• **TASK DETAILS**: Please restate, exactly, only the lines from the beginning of the listing below through the line containing "That black piece", with the pictures left out.

• **INPUT**:
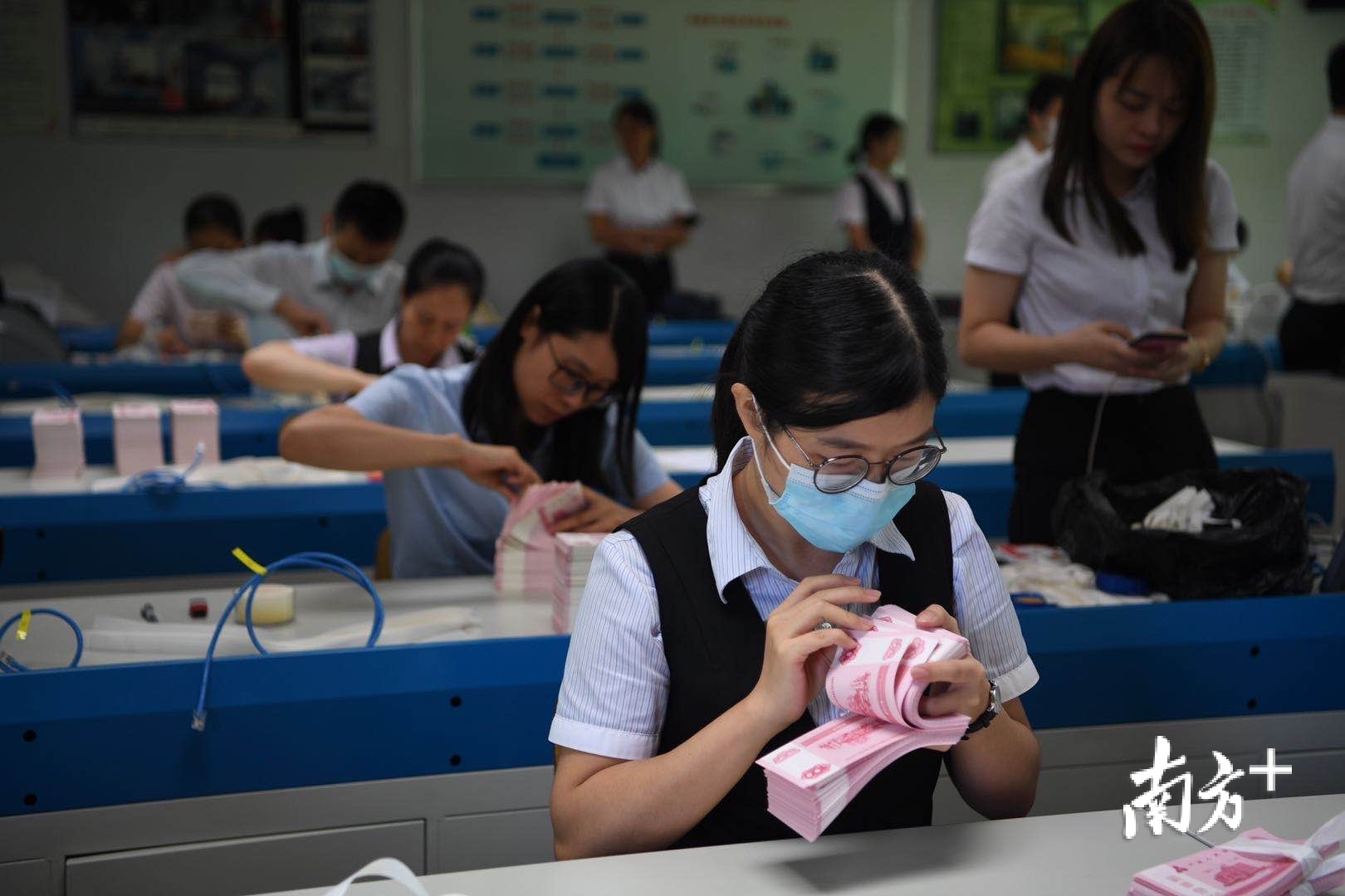 高手们灵巧的手指上下翻动,左手拿钞、右手点钞。
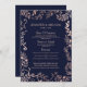 Rosa de ouro elegante, moderno e chic, padrão desenhado floral azul de marinho azul de tendências, cartões de menu de recepção de casamento. Este design clássico e sofisticado é perfeito para a recepção de casamento clássica, na moda e de tendências. Personalize com seu próprio menu na frente, junto com seus nomes e datas. Então personalize o dorso com seu monograma inicial. Todas as impressão de fotos.
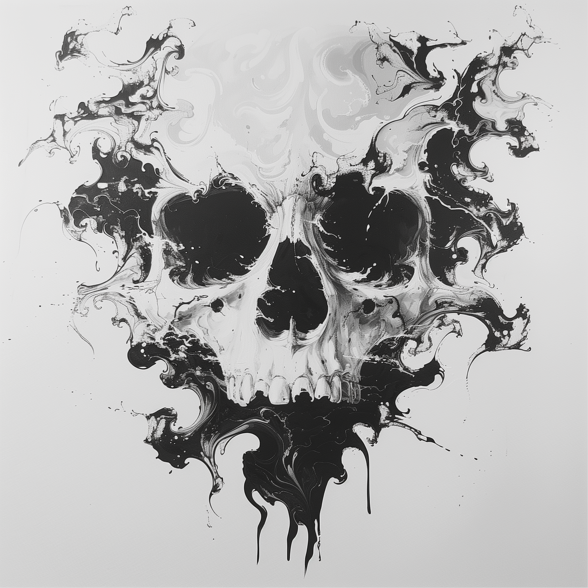 This design features a striking black and white symmetrical skull that evokes a sense of horror. The high contrast adds depth and intensity to the overall look, creating a captivating visual experience.
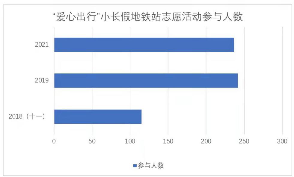 “爱心出行”小长假地铁站志愿活动开始于2015年10月,距今已经有6年多的时间共计千余人次参与其中,2021年共有277人次参加活动。作为校级志愿者活动之一,“爱心出行”小长假地铁站志愿活动迸发出了新的活力。越来越多的青年志愿者们积极选择参与志愿服务活动,用行动践行着地铁志愿活动的内涵与价值。
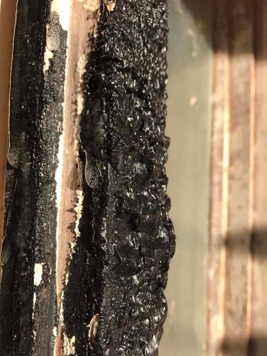That black piece hanging in the air is actually a length of paint removed with paint stripper..
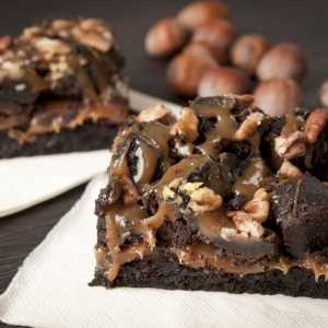 На нижний корж полодить шоколадный крем, распредилите кубики из коржа, посыпьте измельченными грецкими орехами. Полить шоколадный торт карамелью и оставить в холодильнике на 2 часа. Порезать на порционные куски.
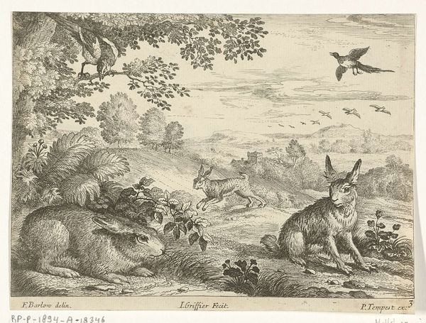 Editor: Here we have Jacob Gole’s "The Hunt for a Hare," made sometime between 1680 and 1723. It's an engraving on paper, depicting the chase scene, a tense moment. What historical narratives might be unfolding here beyond the immediate image of the hunt? Curator: Well, let's consider the societal implications of hunting scenes like this. It portrays the power dynamics of the era, doesn’t it? Who had the right to hunt, and what did that signify about their social standing? The image normalizes a violent interaction. What does this kind of image tell us about our relationship with the natural world and ideas about whose lives are valued over others? Editor: So, you are saying that this engraving isn't just a picture of a hunt but reflects class and human-animal dynamics. Does the portrayal of the hare – as a creature driven by fear – play into any specific cultural stereotypes about the vulnerable? Curator: Exactly! And consider the symbolism. The hare, often representing vulnerability and the feminine, is chased by dogs, symbols of aggression, representing male dominance and authority. Think about how these symbols are historically and consistently used. The act of hunting, in this context, can be seen as an assertion of control, echoing patriarchal structures embedded in 17th and 18th-century society. Do you see the narrative extending beyond just the visual elements? Editor: Yes, absolutely. It seems to uncover layers of societal power dynamics that I wouldn't have initially noticed. I hadn't considered the gendered symbolism. Curator: That’s the crucial point. By analyzing art through a critical lens, examining the themes of class, gender, and power, we gain insights into the complex cultural contexts that shaped these works, and reflect on our current realities. Editor: I’m beginning to see how much these older artworks speak to modern intersectional narratives. Thank you for unveiling those layers!

• **YOUR RESPONSE**:
 高手们灵巧的手指上下翻动,左手拿钞、右手点钞。
 Rosa de ouro elegante, moderno e chic, padrão desenhado floral azul de marinho azul de tendências, cartões de menu de recepção de casamento. Este design clássico e sofisticado é perfeito para a recepção de casamento clássica, na moda e de tendências. Personalize com seu próprio menu na frente, junto com seus nomes e datas. Então personalize o dorso com seu monograma inicial. Todas as impressão de fotos.
 This design features a striking black and white symmetrical skull that evokes a sense of horror. The high contrast adds depth and intensity to the overall look, creating a captivating visual experience.
 “爱心出行”小长假地铁站志愿活动开始于2015年10月,距今已经有6年多的时间共计千余人次参与其中,2021年共有277人次参加活动。作为校级志愿者活动之一,“爱心出行”小长假地铁站志愿活动迸发出了新的活力。越来越多的青年志愿者们积极选择参与志愿服务活动,用行动践行着地铁志愿活动的内涵与价值。
That black piece hanging in the air is actually a length of paint removed with paint stripper..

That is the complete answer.